Labuan Bajo, suaranusantara.co – Di bawah terik matahari pesisir Boleng, Merot bukan lagi sekadar hamparan tanah yang tenang di depan gagahnya Pelabuhan Pelindo. Hari ini, kawasan itu menyimpan luka yang tertanam di sela-sela batang pisang yang tumbang dan pondok yang rata dengan tanah yang terjadi di Merot, Desa Tanjung Boleng, Kecamatan Boleng Kabupaten Manggarai Barat, NTT
Bagi masyarakat adat Ulayat Mbehal, tanah itu adalah urat nadi. Namun bagi para pemburu lahan, Merot adalah “emas” yang harus dikuasai, meski harus menerjang batas-batas hukum dan rasa kemanusiaan.
Pondok yang Runtuh, Harapan yang Pupus
Jumat (13/3/2026) siang yang panas menjadi saksi bisu saat Elias Sumardin (40) melangkah gontai ke Mapolres Manggarai Barat. Di tangannya, terselip sebuah harapan kecil melalui Laporan Polisi Nomor: LP/B/35/III/2026.
Ia melaporkan pengrusakan pondok dan ratusan tanaman miliknya yang luluh lantak oleh tangan-tangan yang diduga bergerak atas titah “mafia tanah”.
”Sekelompok orang ini menebas semua tanaman pertanian milik masyarakat adat, berupa pisang, singkong, pepaya… kerugiannya mencapai puluhan juta rupiah,” ungkap Dionisius Parera, Ketua LSM Ilmu yang setia mendampingi warga sejak 2017.
Bagi warga Mbehal, setiap batang pisang yang ditebas bukan sekadar kehilangan materi, melainkan simbol runtuhnya kedaulatan mereka di tanah sendiri.
Di Balik Bayang-bayang ‘Beking
Namun, perjuangan warga Mbehal bukan hanya melawan parang di lapangan, melainkan juga melawan “akrobat” hukum yang mereka rasakan tidak adil.
Doni Parera mengungkapkan sebuah kontras yang tajam: saat warga melaporkan pemalsuan tanda tangan atau pengancaman, laporan itu seolah membeku di meja penyidik.
Sebaliknya, ketika laporan menyasar warga adat, hukum bergerak secepat kilat. “Bahkan dengan senjata laras panjang, seperti intimidasi masyarakat adat, datang untuk mencari alat bukti,” tutur Doni dengan nada getir.
Dugaan pun menyeruak. Ada aroma keterlibatan oknum yang diduga telah “terkontaminasi” oleh kekuatan modal. LSM Ilmu bahkan bersiap membawa kegelisahan ini hingga ke Divisi Propam Mabes Polri demi mencari keadilan yang lebih tinggi.
Retorika Investasi dan “Blunder” Sang Bupati
Di balik konflik ini, terselip nama besar Bupati Manggarai Barat, Edistasius Endi. Di satu sisi, ia kerap menyerukan pentingnya kondusivitas demi investasi. Namun di sisi lain, manuvernya justru dituding menjadi bumerang.
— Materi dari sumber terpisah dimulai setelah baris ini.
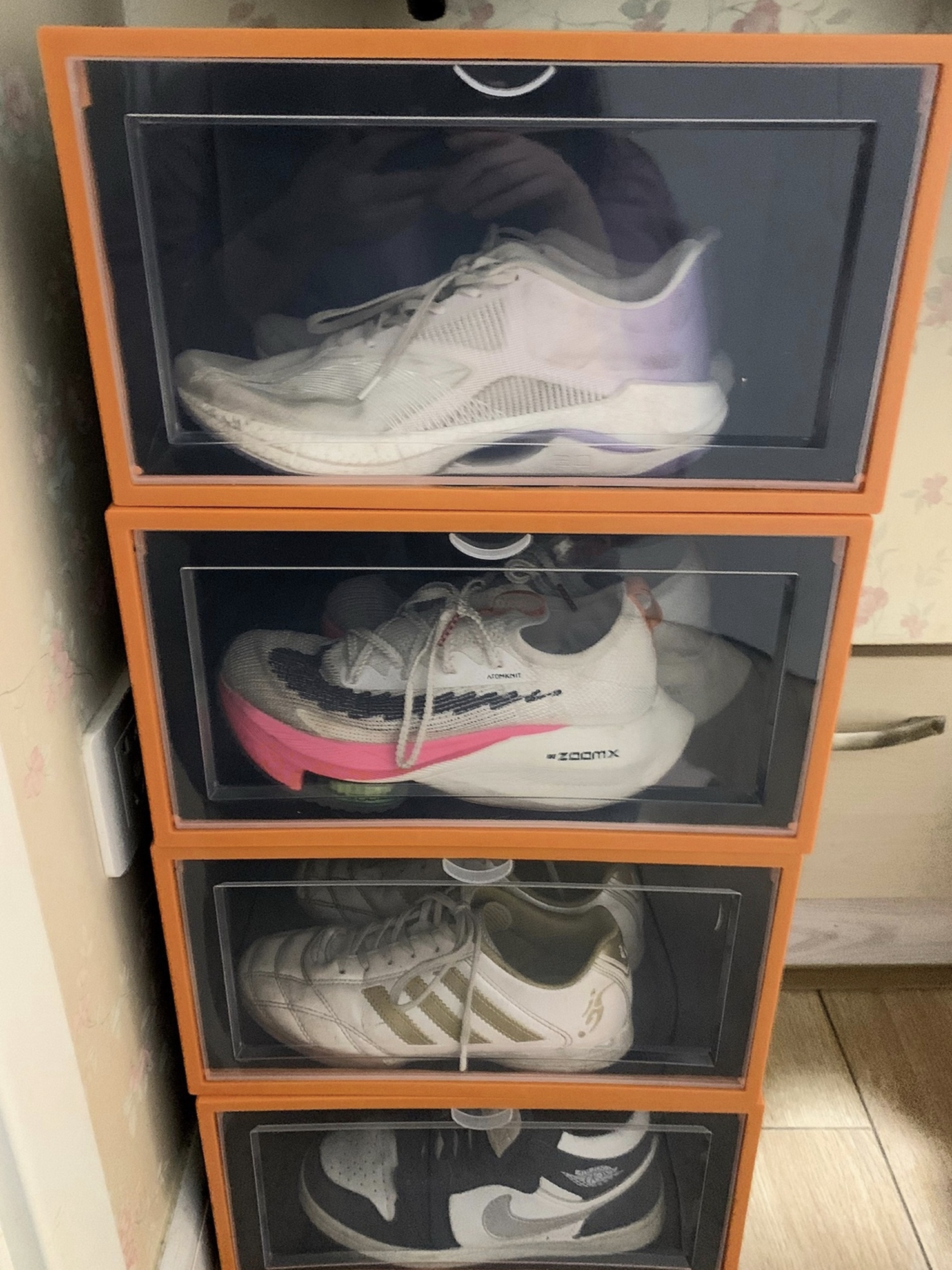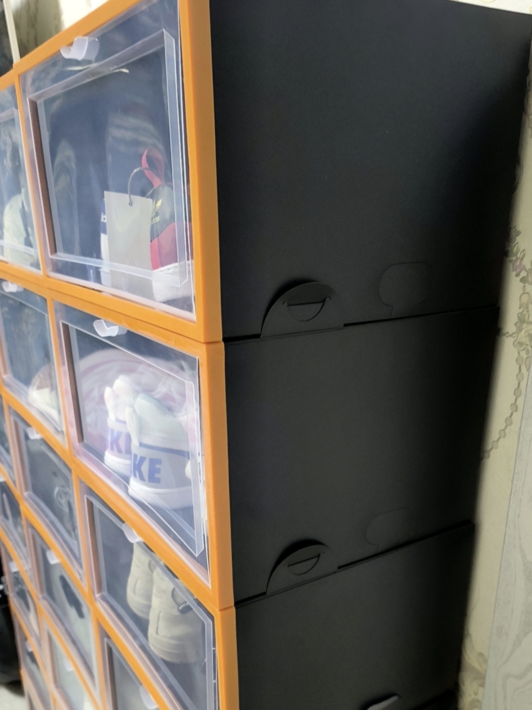 亚克力的材质不容易发黄氧化 一眼就可以看到鞋子 找起来也很方便✨ 空间很大 完全不用担心放不下增高的鞋子 鞋盒安装起来好方便 放在房间里面看起来也太整洁了!!!

Tudingan serius muncul dari LSM Ilmu.
Bupati diduga menyelipkan “surat pengakuan palsu” kepada Badan Pertanahan yang justru mengakui klaim pihak lain di atas tanah Merot.
Padahal, sejarah mencatat bahwa Ulayat Mbehal-lah yang menyerahkan 5 hektare lahan kepada Pemda untuk pekuburan umum.
”Sudah kaya, terkenal, tapi masih juga mau rampas lahan milik masyarakat adat,” kritik Doni tajam, merujuk pada dugaan kepentingan pribadi Bupati di atas lahan seluas 1,5 hektare di lokasi yang sama.
Menanti Fajar Keadilan
Kini, Merot sedang dalam masa tunggu yang menegangkan. Warga adat Mbehal telah memilih jalan hukum positif, menjauhi “hukum rimba” yang pernah menumpahkan darah di masa lalu. Namun, kesabaran itu ada batasnya.
Ancaman aksi massa dengan cara paling ekstrem sudah mulai didengungkan jika laporan polisi kali ini kembali menguap. Masyarakat adat hanya ingin satu hal: pengakuan bahwa mereka ada, dan tanah mereka bukan untuk dijarah.
Di balik riuh rendah pembangunan Labuan Bajo yang kian megah, konflik di Merot adalah pengingat pedih; bahwa di balik setiap investasi, ada keringat dan air mata masyarakat adat yang tak boleh dilupakan.